A new Federal Reserve Bank of New York working paper argues that the optimal design of tokenised money depends not on technology, but on how regulation and bank risk-taking interact.
Stablecoins can discipline risky banking, according to findings from a new working paper published by economists at the Federal Reserve Bank of New York.
The paper Stablecoins vs. Tokenized Deposits: The Narrow Banking Debate Revisited, which revisits the narrow banking debate through the lens of blockchain-based money, studies how the form of money used in crypto transactions affects “interest rates, investment, and welfare”.
Todd Keister and Xuesong Huang of Sun Yat-sen University conclude that the desirability of stablecoins, tokenised deposits, or competition between the two depends on regulatory costs and the extent to which banks are incentivised to take excessive risk.
A new monetarist framework?
The paper uses a dynamic general equilibrium model which introduces risky bank investment, safe storage (government debt or equivalent), government deposit insurance, and a regulatory tax on bank deposit.
Stablecoins in the model are fully backed by safe assets, while banks issue both traditional and tokenised deposits to fund portfolios of safe and risky projects.
The authors explicitly link the debate to historic narrow banking proposals. “The tradeoffs between these policies are reminiscent of both historical and recent debates over the desirability of narrow banking,” they write.
Unlike traditional narrow banking proposals, however, the reform examined here applies only to tokenised money used in blockchain-based trade.
When money type is irrelevant
The authors begin with a simplified case in which bank investment is risk-free and there is no regulatory tax. In this environment, they establish what they call a neutrality result. “In the absence of additional frictions, the type of money used in crypto trade is irrelevant”.
Stablecoins and tokenised deposits may circulate in different proportions, but allocations remain unchanged. It is only when risk and regulation are introduced that the composition of money begins to matter.
In the full model, banks invest in risky projects that fail with probability π. Deposits are insured by the government. Regulation is captured as a tax on banks’ deposit liabilities. The authors describe this tax as representing “capital requirements, leverage restrictions, and deposit insurance premia.”
With these frictions, they find that “the composition of money used in crypto trade between stablecoins and deposits matters for equilibrium allocations.” The equilibrium outcome depends critically on regulatory cost. When this cost is high, stablecoins dominate. When it is low, tokenised deposits dominate.

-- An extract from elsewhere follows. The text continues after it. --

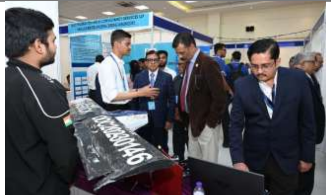
Visit to Exhibitors

In between, both coexist.
Deposits-only: more credit, less trade
The first policy alternative examined is a deposits-only regime, in which only banks may issue tokenised money.
If stablecoins are active in the baseline equilibrium, imposing this restriction leads to a fall in the deposit rate and an expansion in bank-funded risky investment.
As the authors put it, the model captures “a key element of the argument people make for this policy: discouraging stablecoin use leads to an increase in bank credit and higher investment”.
But the policy also reduces decentralised trade. Proposition 5 shows that a deposits-only regime “weakly decreases the equilibrium deposit rate” and reduces trading in type 2 meetings.
Whether this raises welfare depends on the social return of the marginal project banks fund. If that return is lower than the safe rate, restricting stablecoins is undesirable. In other words, if moral hazard is sufficiently severe, expanding bank balance sheets reduces welfare.
Stablecoins-only: constraining risky banks
The second alternative is to impose narrow banking for tokenised money – allowing only stablecoin issuers to create it.
Under this regime, “a stablecoins-only policy strictly increases the equilibrium deposit rate. Total safe asset holdings strictly increase, and risky investment strictly decreases”. Banks shrink, risky lending declines, and more money is backed by safe assets.
The welfare impact depends on whether banks were previously overinvesting in risky projects. The authors conclude that “a stablecoins-only policy can raise welfare if banks’ risk-shifting incentive is large and regulation is light”.
In such an environment, banks “tend to overinvest in risky projects,” and limiting their ability to issue tokenised money improves outcomes.
Competition as the middle ground
“In between these two cases, the optimal policy is to allow stablecoins and tokenized deposits to compete,” the authors write.
In this configuration, stablecoins intermediate safe assets efficiently, raising deposit rates and reducing incentives for banks to fund lower-return projects. At the same time, banks continue to fund higher-return investments.
The authors emphasise that the answer is structural. The desirability of narrow-style tokenised money depends on regulatory costs and moral hazard distortions within the banking system.